Of note, the term "prisoner" is broadly defined as "any person incarcerated or detained in any facility who is accused of, convicted of, sentenced for, or adjudicated delinquent for, violations of criminal law or the terms and conditions of parole, probation, pretrial release, or diversionary program." 28 U.S.C. § 1915A(c).

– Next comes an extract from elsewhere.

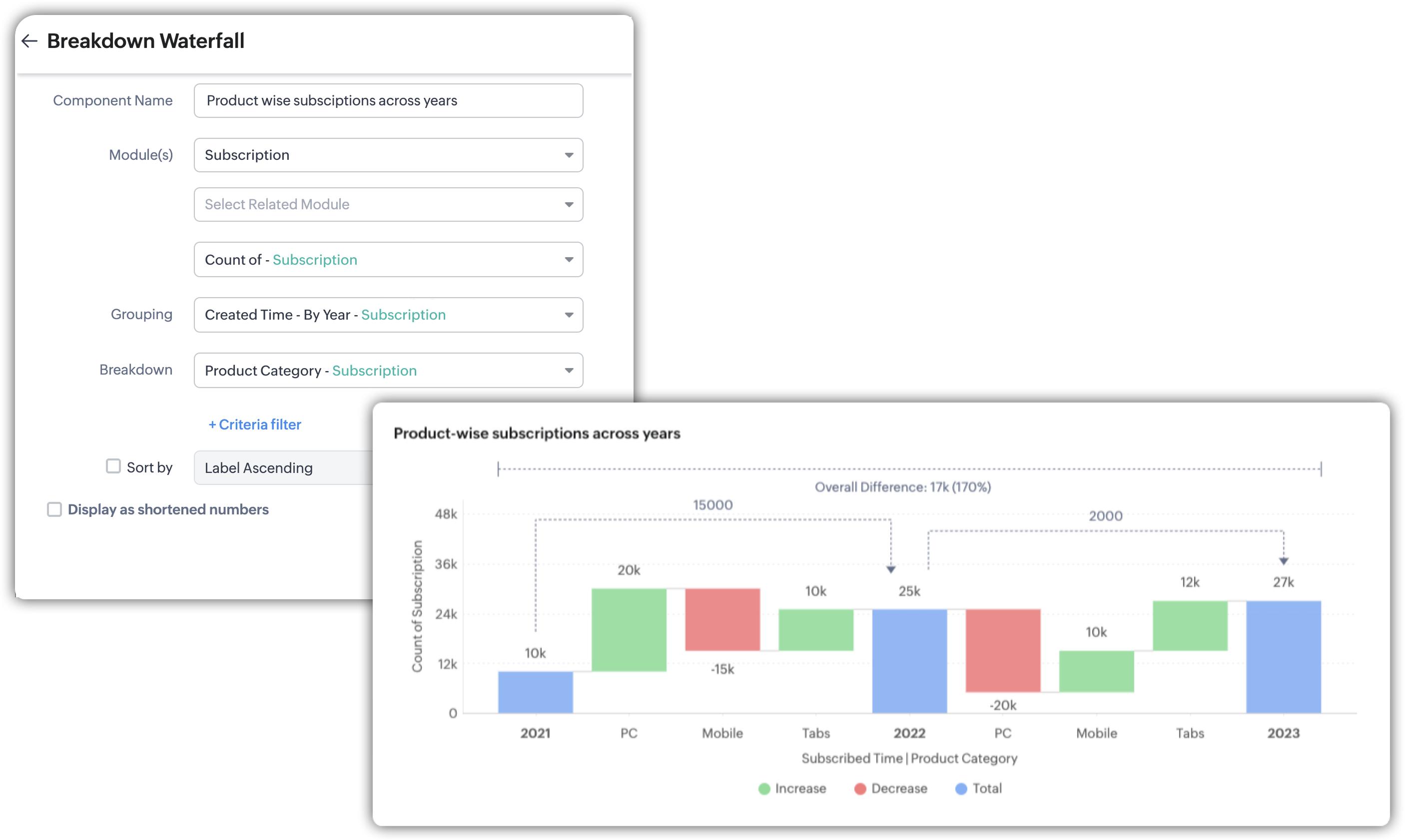 Să presupunem că vrei să compari tendințele de abonare pe produse în ultimii câțiva ani. O componentă Waterfall Defalcare care arată abonamentele pe produse de-a lungul anului și defalcate pe categorii de produse îți oferă o imagine clară a liniilor de produse care au crescut sau scăzut de la un an la altul.
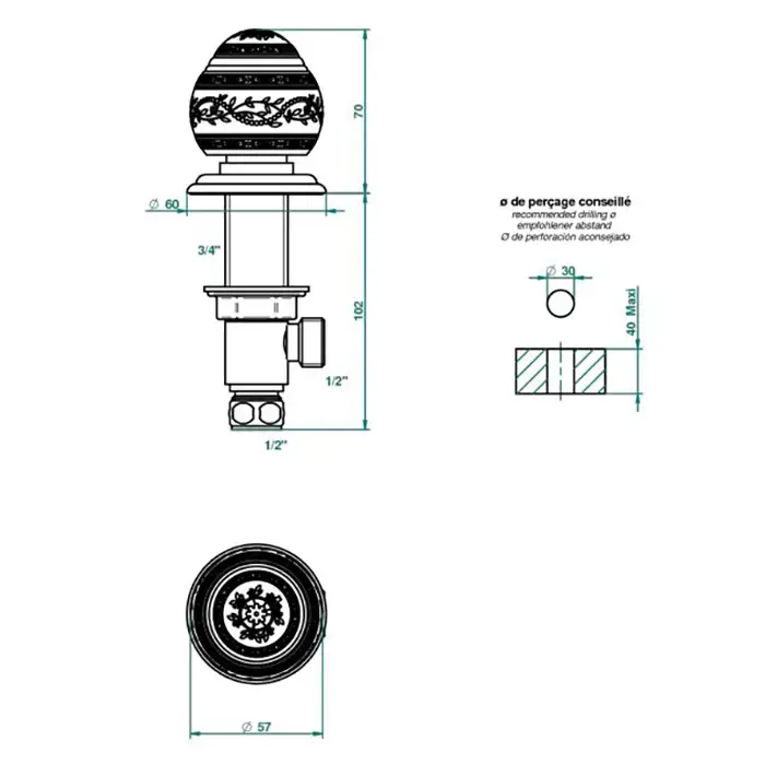 THG Marquise blanc decor platine Вентиль смесителя для раковины, ручка белая, декор платина, цвет: хром

Around the time he paid his filing fee, Plaintiff submitted a series of documents intended to supplement his original complaint. (Doc. nos. 4, 5, 6.) While these documents were docketed as separate filings, they were filed in quick succession in conjunction with the submission of Plaintiff s filing fee; accordingly, the Court will construe them as a single amendment. Because Defendants have neither been served nor filed an answer, Plaintiff is authorized to amend his complaint as a matter of right. See Fed. R. Civ. P. 15(a)(1); see also Mavle v. Felix, 545 U.S. 644,655 (2005) ("Before a responsive pleading is served, pleadings maybe amended once as a 'matter of course,' i.e., without seeking court leave." (citing Fed. R. Civ. P. 15(a))). While the preferred method for amendment is to include all allegations in a single document rather than amending in a piecemeal fashion, the Court will in this instance read Plaintiff's amendments in conjunction with his petition. Accordingly, the documents that the Court will proceed to screen include Plaintiff's original complaint as well as his subsequent filings. (Doc. nos. 1, 4, 5, 6.) For ease of reference, the Court will hereinafter refer to all these documents collectively as Plaintiff's "complaint."
I. BACKGROUND
The Court notes at the outset that much of Plaintiff's complaint consists of incoherent statements accompanied by bizarre anatomical illustrations. (See, e.g.. doc, no. l,pp. 10-11; doc. no. 5, pp. 2-3.) The Court will not attempt to recount this irrelevant material, but will instead focus on the allegations that relate to the claims he attempts to assert arising from his medical treatment and the conditions of his detention.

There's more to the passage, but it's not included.